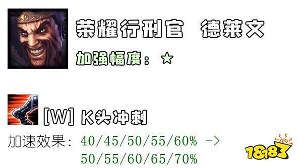 强化了德莱文通过走位找输出空间的能力。不过,如果对面ADC不是卡莎或者轮子妈的话,同等操作下德莱文也不太有大展身手的机会。
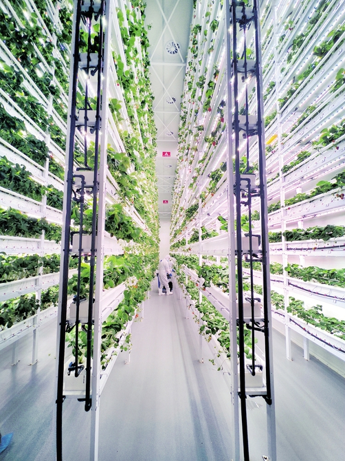 蓝紫色的灯光下,一排排草莓整齐地“住”在共11层、空间达7米高的“公寓”里,穿着洁净服的工作人员站在垂直升降梯上照料它们——这不是科幻电影场景,而是成都温江一座智慧立体草莓工厂的真实画面。
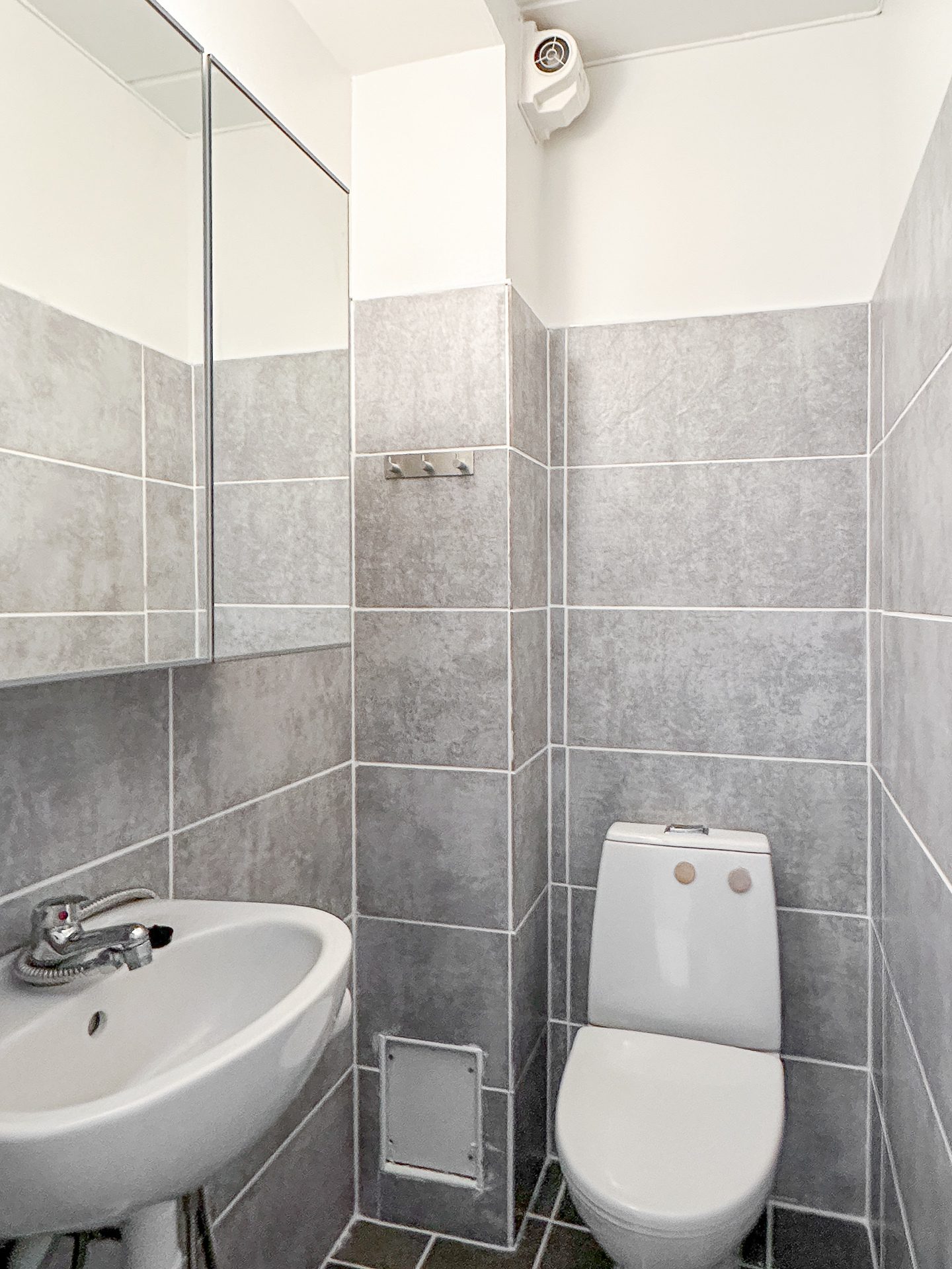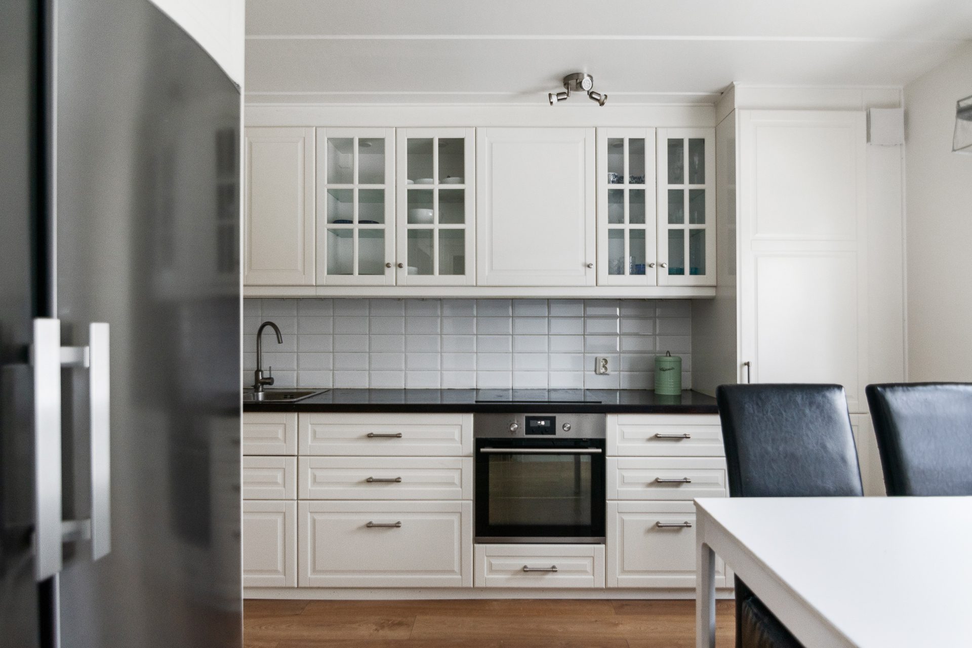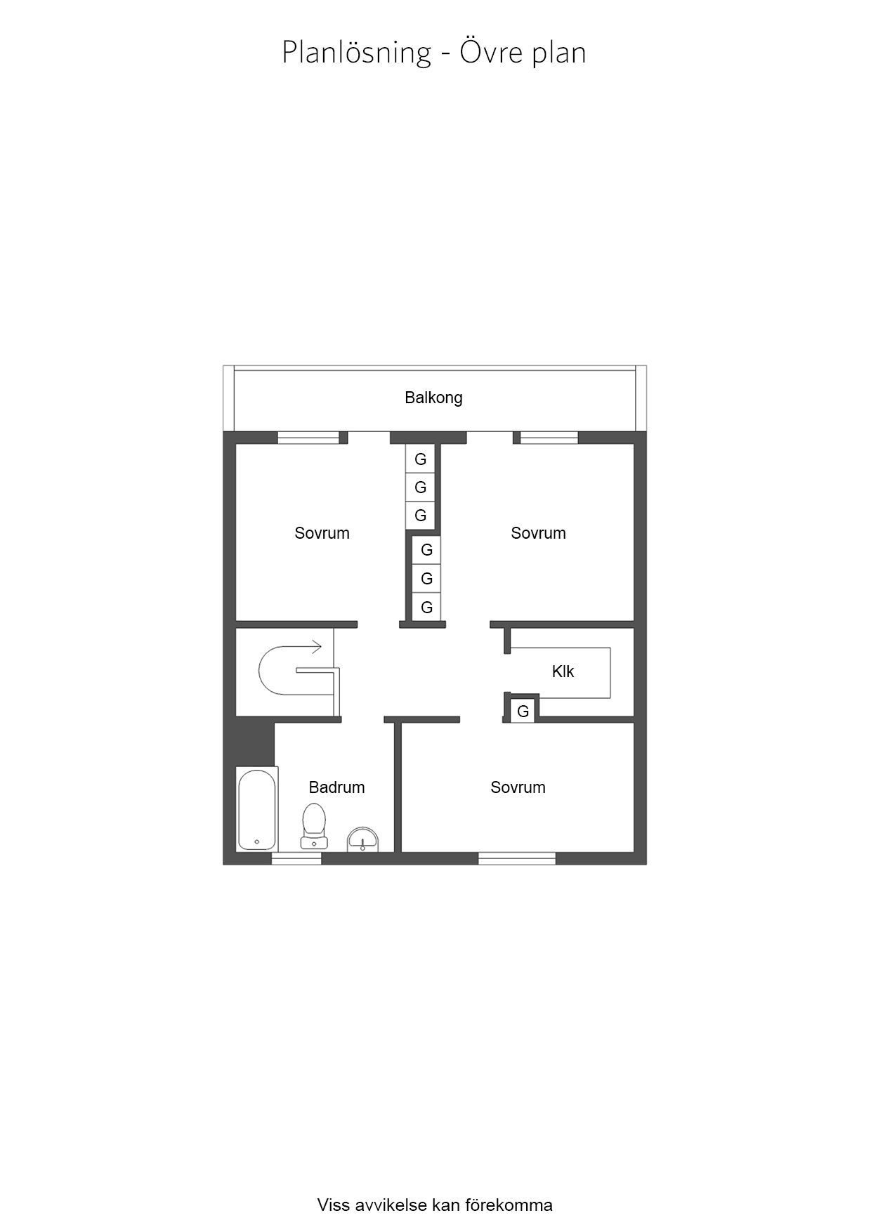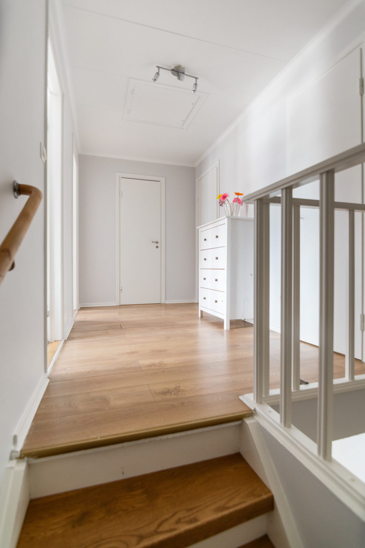 - Allmän beskrivning: Välkomnande hall med plats för avhängning. I hallen finns en wc samt tvättstuga. Hallen öppnar upp mot köket och vardagsrummet. Köket är renoverat och fullt utrustat med spishäll, ugn, kyl, frys samt diskmaskin. Köket har matplats för 6-8 personer och fönster mot entrésidan. Vardagsrummet är generöst med plats för både soffgrupp och matplats. Från vardagsrummet är det vidare utgång till den stora altanen mot trädgårdssidan. Trappan från hallen leder upp till övervåningen. Här finns tre sovrum som samtliga håller bra storlek. Två av sovrummen har platsbyggda garderober och utgång till den takade balkongen mot trädgårdssidan. Vidare finns ett badrum som är renoverat med kakel och klinker. Badrummet är utrustat med wc, tvättställ och dusch.
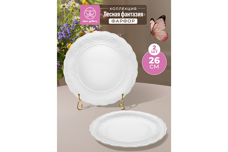 Набор 2 тарелок Elan Gallery "Лесная фантазия" предназначен для эстетичной сервировки вашего стола. Размер каждого изделия – 26,5х26,5х2 см. Тарелки выполнены из белого фарфора, имеют волнистые края. Коллекция посуды "Лесная фантазия" украшена изящным рельефным узором в виде цветов и порхающих бабочек. Она навевает фантазии о лесной поляне — благоухающей и согретой лучами солнца. Сервировочный набор отлично подойдёт для подачи вторых блюд и закусок. Заполните их пастой и деликатесами из рыбы, красиво выложите нарезку из свежих овощей и фруктов, сыров и яиц. Положите роллы и суши для вкусного перекуса. Блюда помогут преподнести разнообразные десерты, сладости и выпечку. Элегантные тарелочки впишутся в интерьер любой кухни или столовой. Не рекомендуется применять абразивные моющие средства. Беречь от резких перепадов температур и механических повреждений. Комплект подходит для использования в микроволновой печи и посудомоечной машине. Поставляется в стильной картонной коробке. Вам не придётся искать дополнительную подарочную упаковку, чтобы сделать сюрприз близким на праздник. Праздничная посуда – хороший вариант для подарка. В коллекции бренда Элан Галерея можно найти много красивого кухонного и столового инвентаря, а также собрать сервиз на свой вкус. Коллекция "Лесная фантазия" от Elan Gallery наполнит повседневные моменты лёгкостью и сказочной атмосферой, а также позволит создать красивую сервировку праздничного стола!
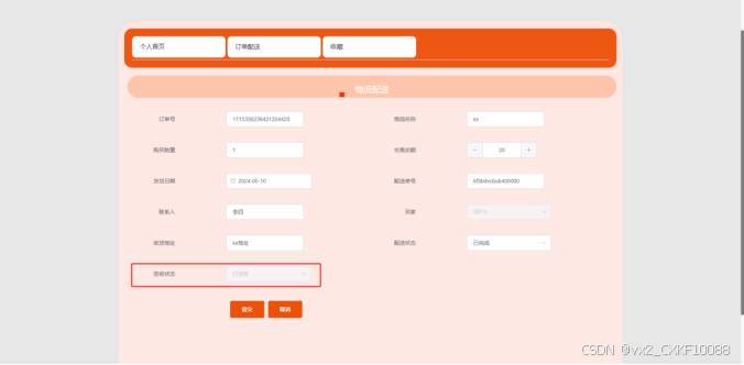 - 我的:用户可以修改“我的账户”中的个人资料和登录密码;可以查看和管理“个人中心”中的个人首页、订单配送和收藏信息;点击“退出”即可退出系统的登录。
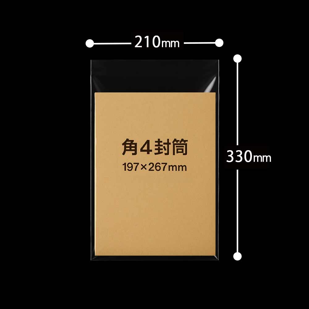 OPP袋のサイズは210x330mmで、A4(210x297mm)より33mm縦長な透明袋です。

_DESCRIPTION OF THE TASK:_ The response must match the listing exactly, except that pictures are removed.

_EXERCISE SOLUTION:_
 强化了德莱文通过走位找输出空间的能力。不过,如果对面ADC不是卡莎或者轮子妈的话,同等操作下德莱文也不太有大展身手的机会。
 蓝紫色的灯光下,一排排草莓整齐地“住”在共11层、空间达7米高的“公寓”里,穿着洁净服的工作人员站在垂直升降梯上照料它们——这不是科幻电影场景,而是成都温江一座智慧立体草莓工厂的真实画面。
 - Allmän beskrivning: Välkomnande hall med plats för avhängning. I hallen finns en wc samt tvättstuga. Hallen öppnar upp mot köket och vardagsrummet. Köket är renoverat och fullt utrustat med spishäll, ugn, kyl, frys samt diskmaskin. Köket har matplats för 6-8 personer och fönster mot entrésidan. Vardagsrummet är generöst med plats för både soffgrupp och matplats. Från vardagsrummet är det vidare utgång till den stora altanen mot trädgårdssidan. Trappan från hallen leder upp till övervåningen. Här finns tre sovrum som samtliga håller bra storlek. Två av sovrummen har platsbyggda garderober och utgång till den takade balkongen mot trädgårdssidan. Vidare finns ett badrum som är renoverat med kakel och klinker. Badrummet är utrustat med wc, tvättställ och dusch.
 Набор 2 тарелок Elan Gallery "Лесная фантазия" предназначен для эстетичной сервировки вашего стола. Размер каждого изделия – 26,5х26,5х2 см. Тарелки выполнены из белого фарфора, имеют волнистые края. Коллекция посуды "Лесная фантазия" украшена изящным рельефным узором в виде цветов и порхающих бабочек. Она навевает фантазии о лесной поляне — благоухающей и согретой лучами солнца. Сервировочный набор отлично подойдёт для подачи вторых блюд и закусок. Заполните их пастой и деликатесами из рыбы, красиво выложите нарезку из свежих овощей и фруктов, сыров и яиц. Положите роллы и суши для вкусного перекуса. Блюда помогут преподнести разнообразные десерты, сладости и выпечку. Элегантные тарелочки впишутся в интерьер любой кухни или столовой. Не рекомендуется применять абразивные моющие средства. Беречь от резких перепадов температур и механических повреждений. Комплект подходит для использования в микроволновой печи и посудомоечной машине. Поставляется в стильной картонной коробке. Вам не придётся искать дополнительную подарочную упаковку, чтобы сделать сюрприз близким на праздник. Праздничная посуда – хороший вариант для подарка. В коллекции бренда Элан Галерея можно найти много красивого кухонного и столового инвентаря, а также собрать сервиз на свой вкус. Коллекция "Лесная фантазия" от Elan Gallery наполнит повседневные моменты лёгкостью и сказочной атмосферой, а также позволит создать красивую сервировку праздничного стола!
 - 我的:用户可以修改“我的账户”中的个人资料和登录密码;可以查看和管理“个人中心”中的个人首页、订单配送和收藏信息;点击“退出”即可退出系统的登录。
 OPP袋のサイズは210x330mmで、A4(210x297mm)より33mm縦長な透明袋です。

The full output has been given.